#### Activity
Before printing the listing, strip out its pictures and keep everything else exact.
──────── Data for the task ────────
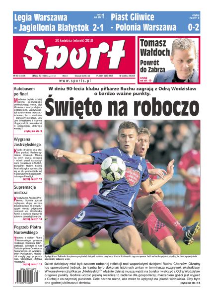 W dniu 90-lecia klubu piłkarze Ruchu zagrają z Odrą Wodzisław o bardzo ważne punkty; stadion przy ulicy Konwiktorskiej okazał się szczęśliwy dla Legii, która zrewanżowała się Jagiellonii za porażkę w rundzie jesiennej; niebiesko-czerwoni to dziś drużyna z jedną z największych średnich wiekowych pierwszej jedenastki w lidze; mija już niemal rok od ostatniej wygranej wrocławian na wyjeździe; 20 kwietnia 1920 roku rozpoczęła się barwna i niepowtarzalna historia Ruchu Chorzów, znanego każdemu kibicowi „kopanej” w Polsce; po raz drugi w tej edycji rozgrywek los skojarzył Inter i Barcelonę; Tomasz Wałdoch po szesnastu latach wrócił do Zabrza; bramka Wojtka Wolskiego przyczyniła się do sensacyjnej porażki Detroit; ponad tysiąc osób – kierowców, członków teamów, oficjeli i dziennikarzy – czeka w Chinach, by wrócić do Europy po ostatnim GP Formuły 1.
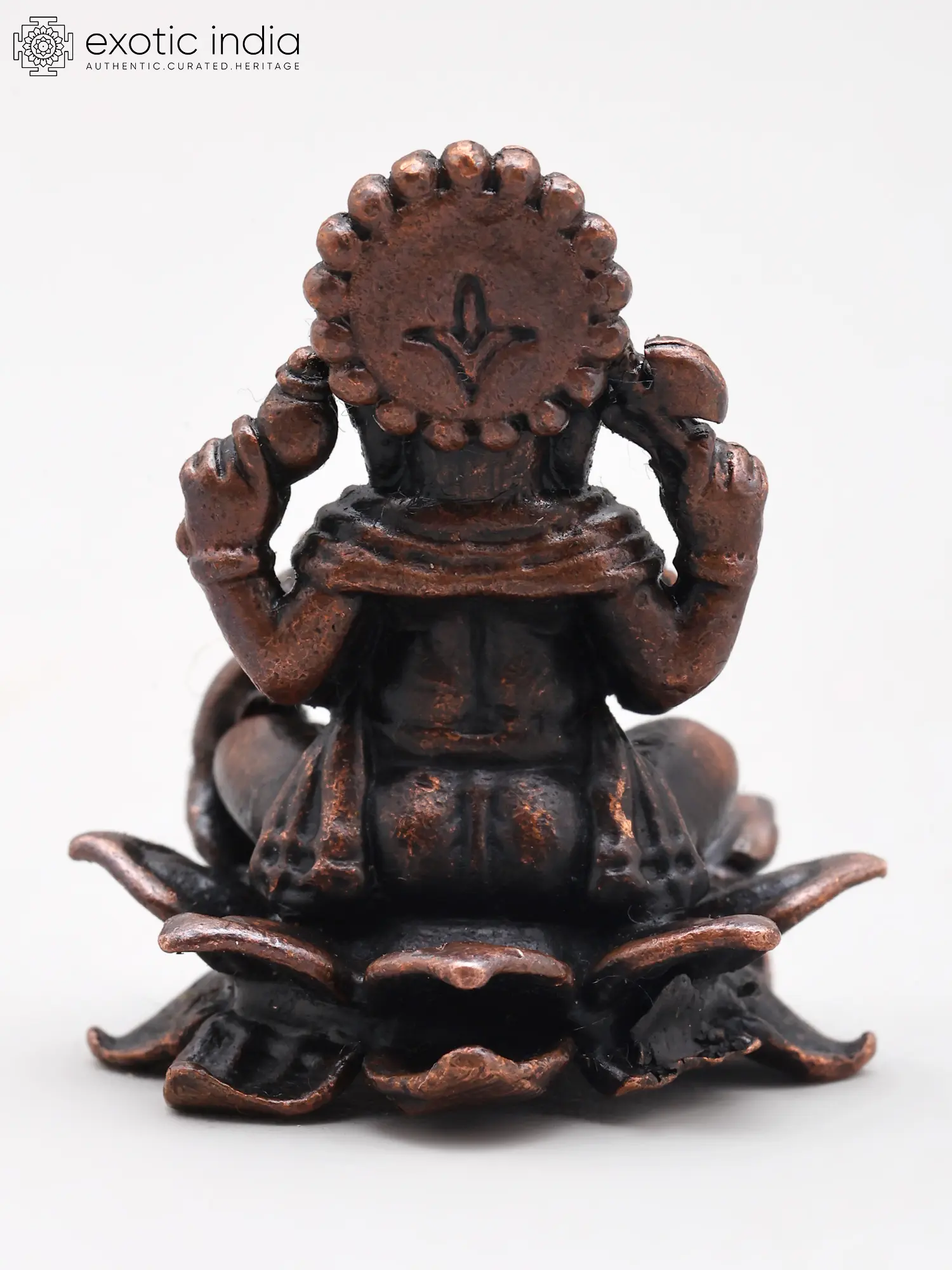 Invite auspiciousness and inner peace into your sanctuary with this exquisitely rendered copper deity. Its compact size makes it a perfect companion for personal contemplation or a subtle yet impactful accent in your cherished spaces.
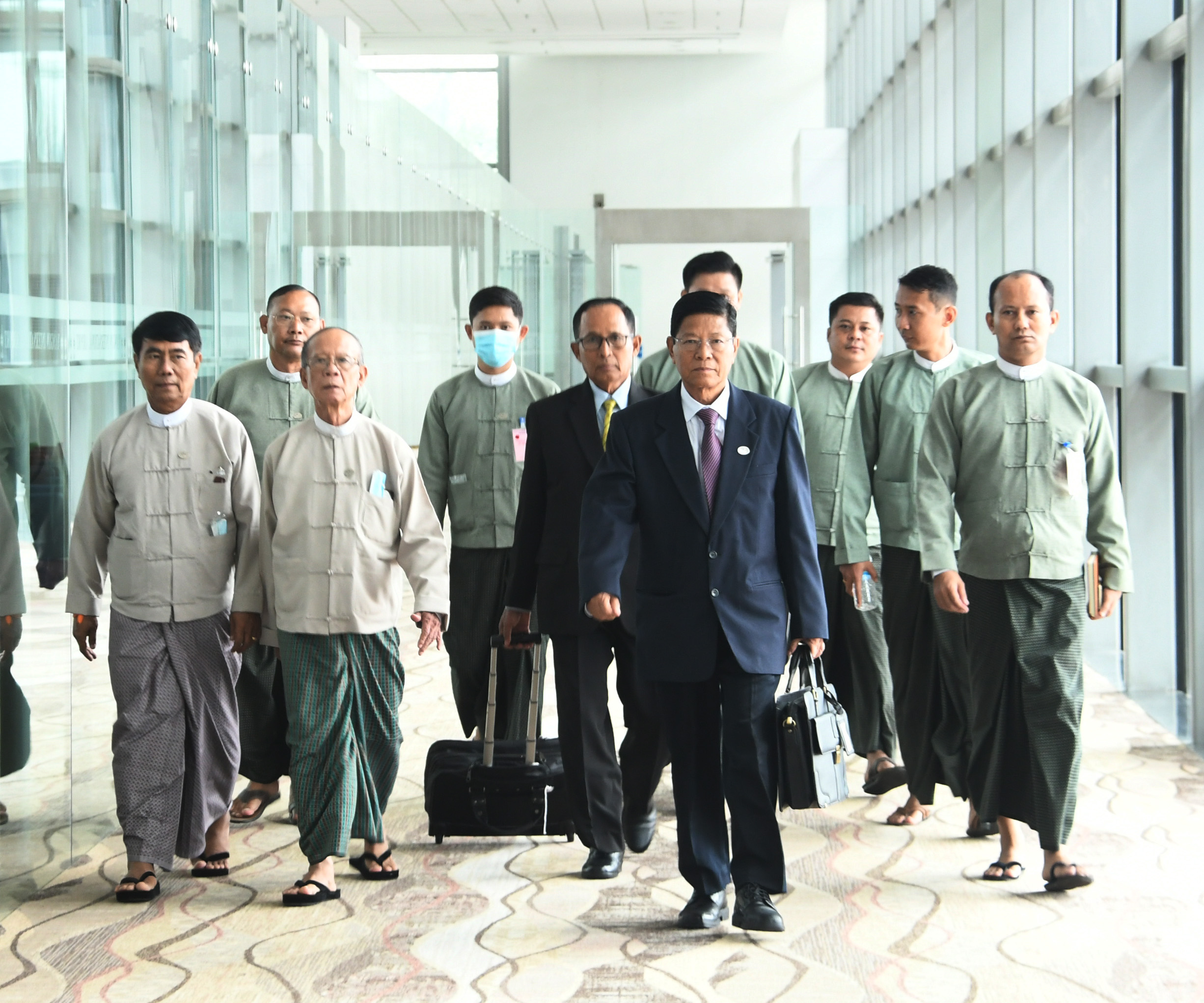 ပြည်ထောင်စုရွေးကောက်ပွဲကော်မရှင် ဥက္ကဋ္ဌနှင့်အဖွဲ့အား ကော်မရှင်အဖွဲ့ဝင်များဖြစ်ကြသည့် ဦးသန်းထွန်း၊ ဦးအောင်စောဝင်းနှင့် ရန်ကုန်တိုင်းဒေသကြီး ရွေးကောက်ပွဲကော်မရှင်အဖွဲ့ခွဲမှ တာဝန်ရှိသူများက ရန်ကုန် အပြည်ပြည်ဆိုင်ရာလေဆိပ်၌ ပို့ဆောင်နှုတ်ဆက်ကြသည်။
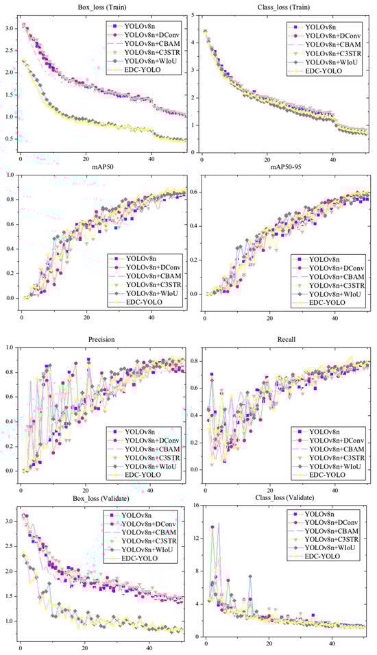 To further assess the impact of the four modules—DConv, CBAM, C3STR, and WIoU—in enhancing the performance of YOLOv8n, an ablation study was conducted. This study provides metric curves for the first 50 training epochs across different scenarios, as illustrated Figure 22.
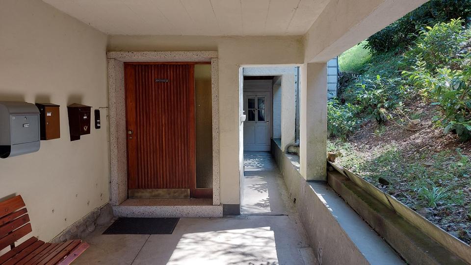 Die Terrasse ist aktuell in einem sehr schlechten Zustand und muss erneuert werden, das Foto zeigt einen alten Stand, als Potential.
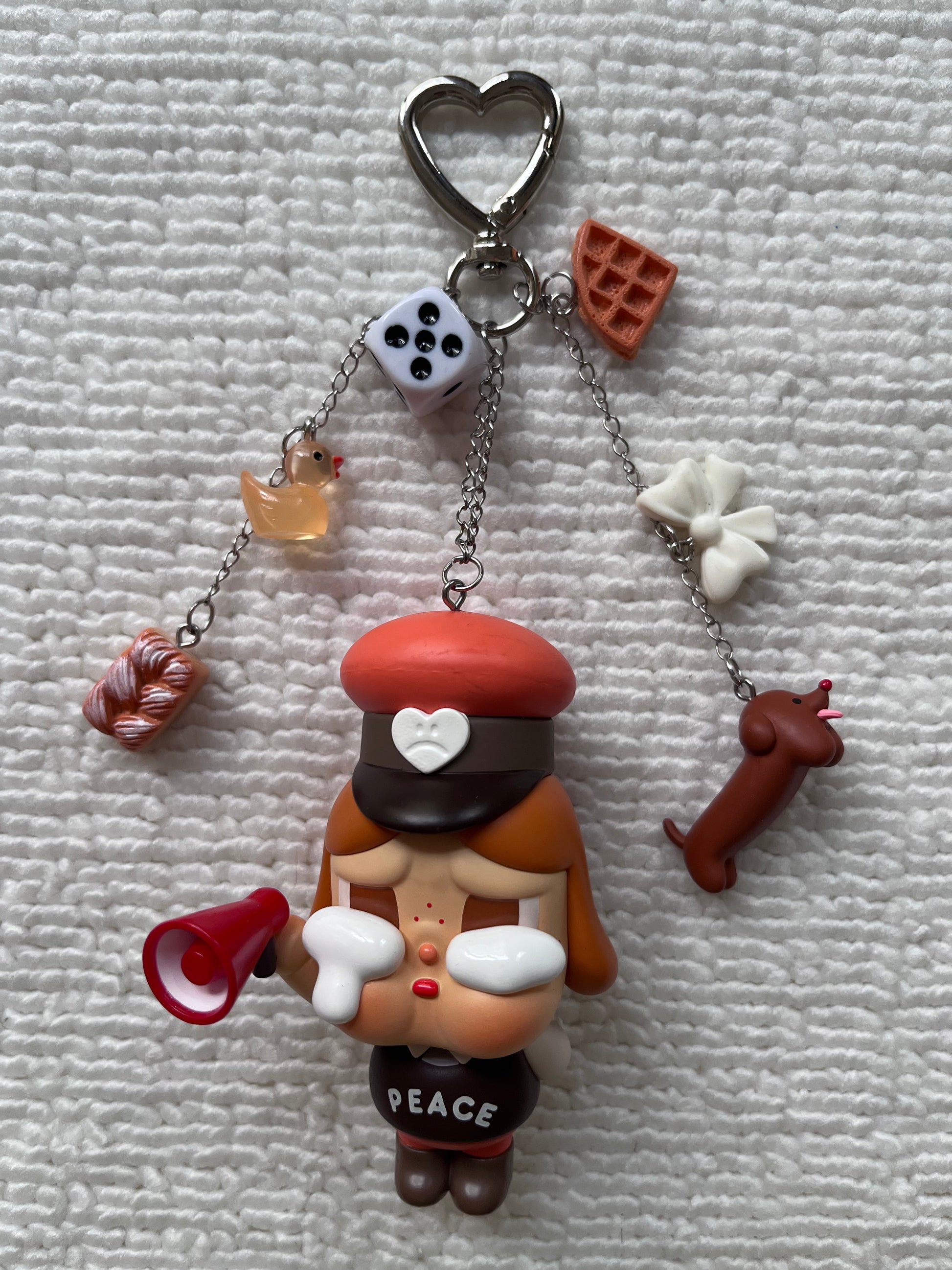 Les figurines utilisées sont des originales Pop Mart (série Crybaby Crying Parade). Chaque pièce est ensuite entièrement customisée et transformée à la main en porte-clés unique. Aucun modèle n'est identique, chaque création est pensée comme une petite œuvre d'art.
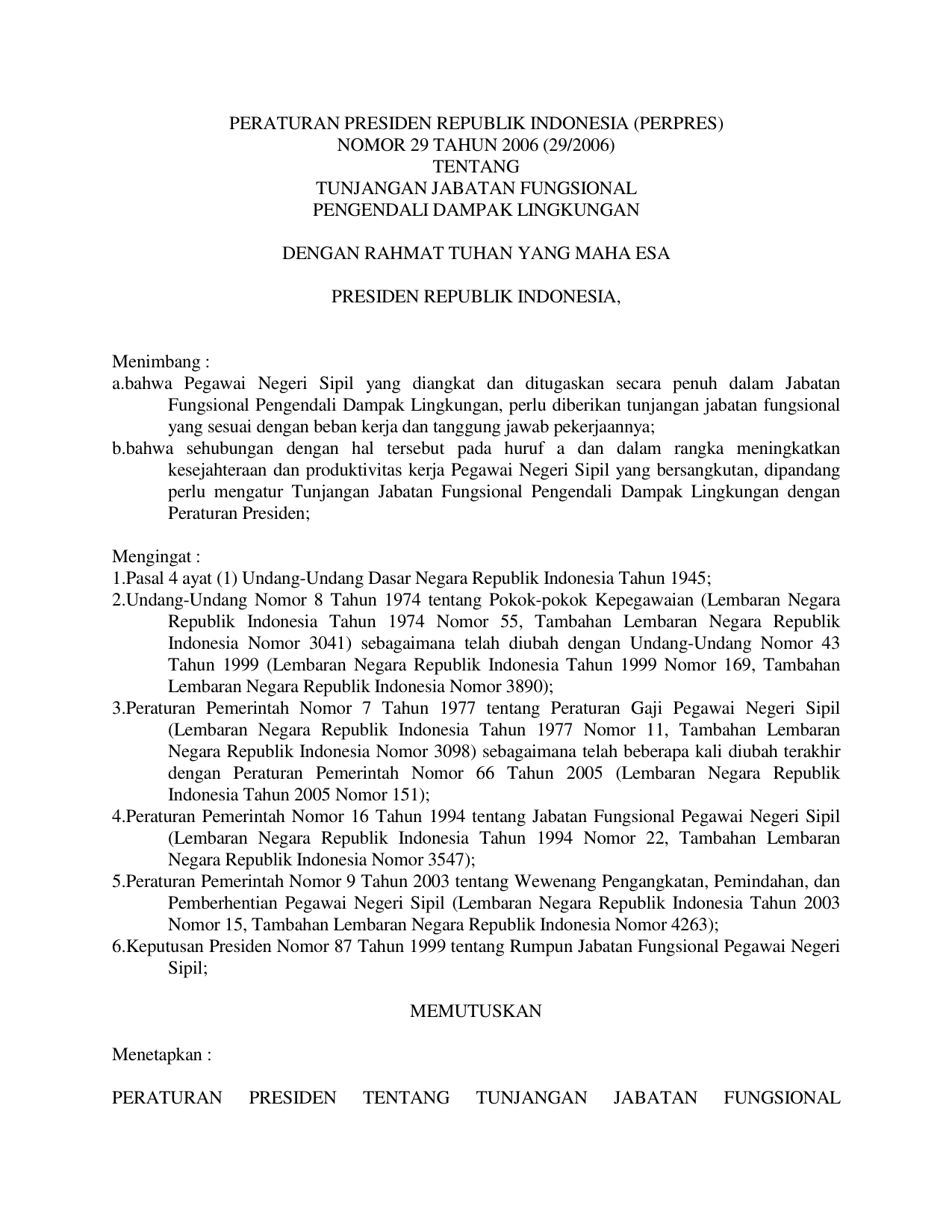 PERPRES Nomor 29 Tahun 2006 | Peraturan Presiden Nomor 29 Tahun 2006 tentang TUNJANGAN JABATAN FUNGSIONAL PENGENDALI DAMPAK LINGKUNGAN
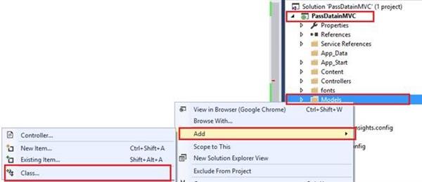 Add a Model class by right clicking on Models folder under Solution.
────────
#### Answer to the problem
 W dniu 90-lecia klubu piłkarze Ruchu zagrają z Odrą Wodzisław o bardzo ważne punkty; stadion przy ulicy Konwiktorskiej okazał się szczęśliwy dla Legii, która zrewanżowała się Jagiellonii za porażkę w rundzie jesiennej; niebiesko-czerwoni to dziś drużyna z jedną z największych średnich wiekowych pierwszej jedenastki w lidze; mija już niemal rok od ostatniej wygranej wrocławian na wyjeździe; 20 kwietnia 1920 roku rozpoczęła się barwna i niepowtarzalna historia Ruchu Chorzów, znanego każdemu kibicowi „kopanej” w Polsce; po raz drugi w tej edycji rozgrywek los skojarzył Inter i Barcelonę; Tomasz Wałdoch po szesnastu latach wrócił do Zabrza; bramka Wojtka Wolskiego przyczyniła się do sensacyjnej porażki Detroit; ponad tysiąc osób – kierowców, członków teamów, oficjeli i dziennikarzy – czeka w Chinach, by wrócić do Europy po ostatnim GP Formuły 1.
 Invite auspiciousness and inner peace into your sanctuary with this exquisitely rendered copper deity. Its compact size makes it a perfect companion for personal contemplation or a subtle yet impactful accent in your cherished spaces.
 ပြည်ထောင်စုရွေးကောက်ပွဲကော်မရှင် ဥက္ကဋ္ဌနှင့်အဖွဲ့အား ကော်မရှင်အဖွဲ့ဝင်များဖြစ်ကြသည့် ဦးသန်းထွန်း၊ ဦးအောင်စောဝင်းနှင့် ရန်ကုန်တိုင်းဒေသကြီး ရွေးကောက်ပွဲကော်မရှင်အဖွဲ့ခွဲမှ တာဝန်ရှိသူများက ရန်ကုန် အပြည်ပြည်ဆိုင်ရာလေဆိပ်၌ ပို့ဆောင်နှုတ်ဆက်ကြသည်။
 To further assess the impact of the four modules—DConv, CBAM, C3STR, and WIoU—in enhancing the performance of YOLOv8n, an ablation study was conducted. This study provides metric curves for the first 50 training epochs across different scenarios, as illustrated Figure 22.
 Die Terrasse ist aktuell in einem sehr schlechten Zustand und muss erneuert werden, das Foto zeigt einen alten Stand, als Potential.
 Les figurines utilisées sont des originales Pop Mart (série Crybaby Crying Parade). Chaque pièce est ensuite entièrement customisée et transformée à la main en porte-clés unique. Aucun modèle n'est identique, chaque création est pensée comme une petite œuvre d'art.
 PERPRES Nomor 29 Tahun 2006 | Peraturan Presiden Nomor 29 Tahun 2006 tentang TUNJANGAN JABATAN FUNGSIONAL PENGENDALI DAMPAK LINGKUNGAN
 Add a Model class by right clicking on Models folder under Solution.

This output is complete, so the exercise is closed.